Submodules provide weaker coupling and make the most sense when the submodule has its own healthy upstream and you want to track those versions. It's awkward if all submodule development is happening from within the parent.
Too bad it's not enabled by default: http://engineeredweb.com/blog/how-to-install-git-subtree/
In fact, many people getting started with git get confused about whether subtree or submodule is appropriate, and end up wanting parts of both.
Big meh, and I'm normally interested in the evolution of Git.
Linus makes a rather unconvincing argument against the system, saying the current system allows for submodules be different for local sites. As if the proposed system would not support that, and as if the current 'dirty submodule' system is a better solution. He's being an absolute moron.
And Junio is just being very unproductive, he seems fully incapable of inducing anything from the design Ramkumar proposes and fails to see implications that anyone could see, even though he is a core git guy. And frankly he's being an ass too.
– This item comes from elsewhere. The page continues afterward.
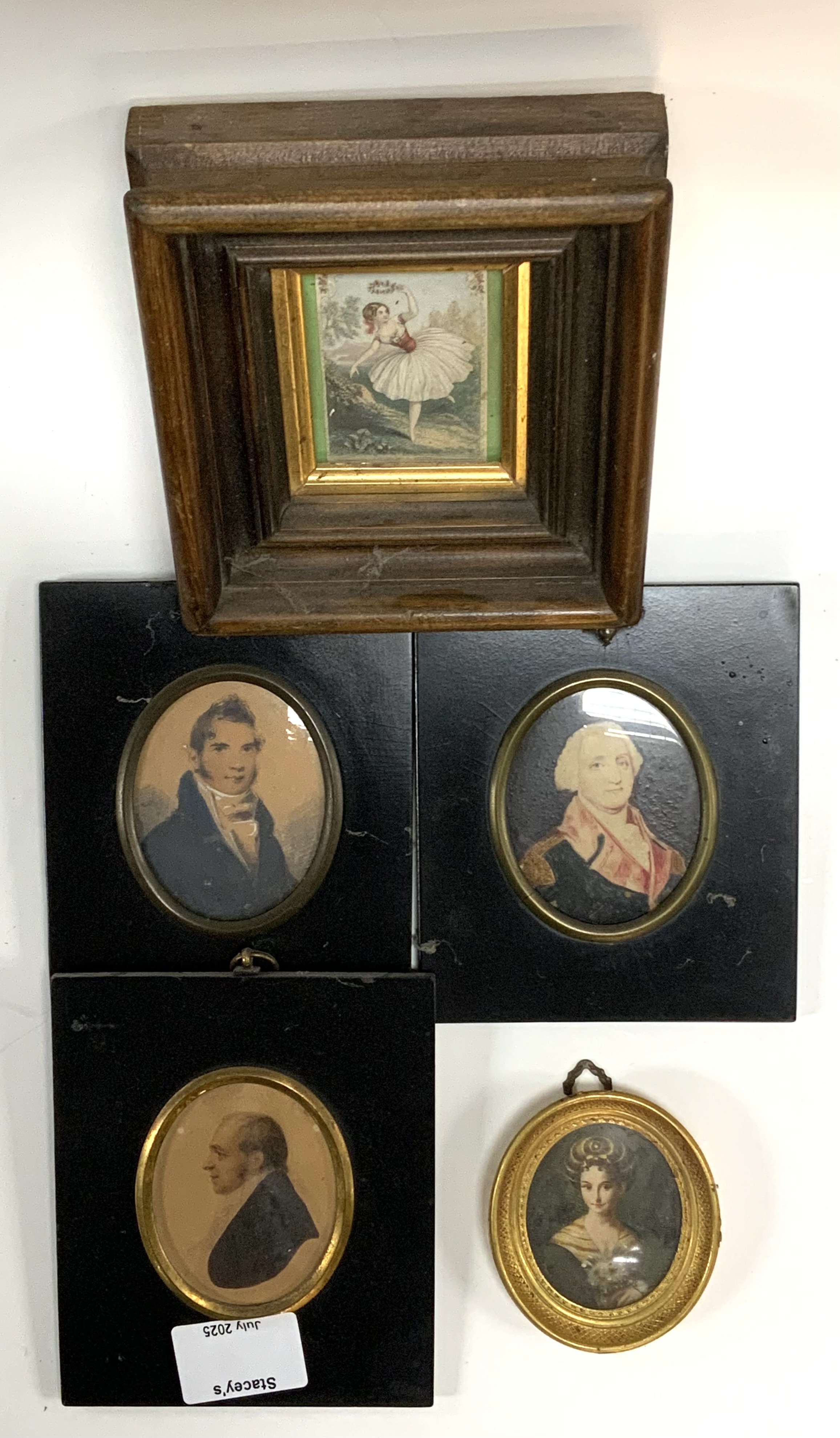 5 good framed miniatures. (B)

What I see is someone enthousiastically trying to fix a core problem of git in an ambitious but well constructed way, and a bunch of old guys just bashing the life out of him.
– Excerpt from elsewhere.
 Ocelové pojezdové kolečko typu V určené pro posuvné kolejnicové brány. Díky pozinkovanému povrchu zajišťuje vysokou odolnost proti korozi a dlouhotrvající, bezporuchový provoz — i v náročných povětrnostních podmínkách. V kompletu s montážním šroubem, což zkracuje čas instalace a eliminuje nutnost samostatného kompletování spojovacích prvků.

I think he's better off just not asking Juno or Linus for advice and just keep on hacking on his fork. I know I would use it.
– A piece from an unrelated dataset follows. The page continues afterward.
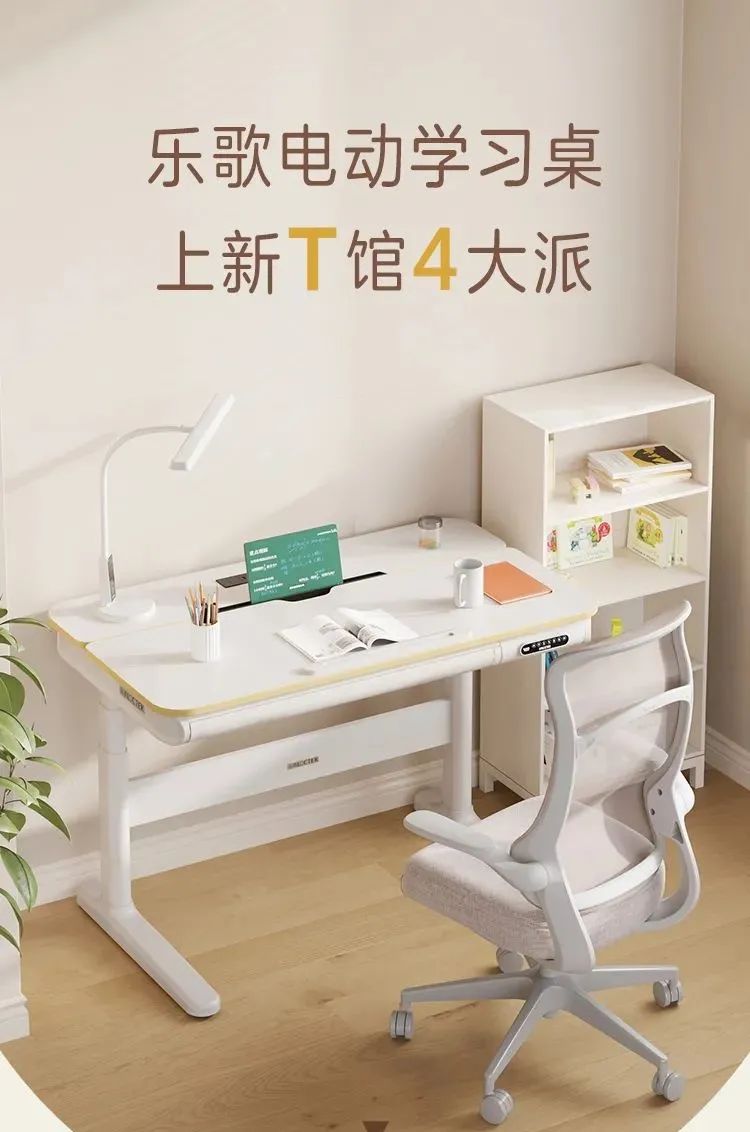 乐歌电动学习桌T4不仅囊括“四大派”所有本领,更是挺进颜值派与经济派,全方位满足家庭需求,简约大方的设计让它成为家中一道靓丽的风景线,高性价比让每个孩子都能享受到优质的学习环境。健康派学习桌,注重人体工学设计,关爱孩子健康成长;实用派学习桌,功能齐全,一桌多用;科技派学习桌,融合智能科技,引领未来学习趋势;环保派学习桌,绿色环保,致力推动可持续发展。

Correct me if I'm wrong, but isn't the problem that Linus brought up this: If you introduce a new object type, you need to get it right. A new object type would create non-backwards-compatible repositories, so you'd have a new minimum Git version. If you were to use this fork, then everyone who checks out your code would have to use it. Also, it would preclude tooling support (eg GitHub). Once such important repository versioning decisions are made, they can't be unmade. Git, at it's core, is basically just a well designed repository model.
If he had been making his own VCS he wouldn't need this kind of review, but Git is an agreed-upon format and protocol; it is absolutely necessary to start by considering the downsides when core changes will affect a large user base.
Yes! And in the next breath, Linus flat-out admits he doesn't know if anyone uses/keeps a dirty local .gitmodules file. A great example of being out of touch with your users and still thinking you know best. Arguing to keep a (IMO minor & weird) feature around without knowing if anyone even uses it is folly.
I think he's better off just not asking Juno or Linus for advice and just keep on hacking on his fork. I know I would use it.
If only it were that easy. His changes would create a git implementation incompatible with everyone else's.
He also, in the thread, explicitly acknowledges that he's not sure about the best design and asks for help.
I'd be honored to have an idea shot down so mercifully by Torvalds.
Git's SubmittingPatches document says to use an imperative tone in commit messages. That's why it reads the way it does.
Am I missing something?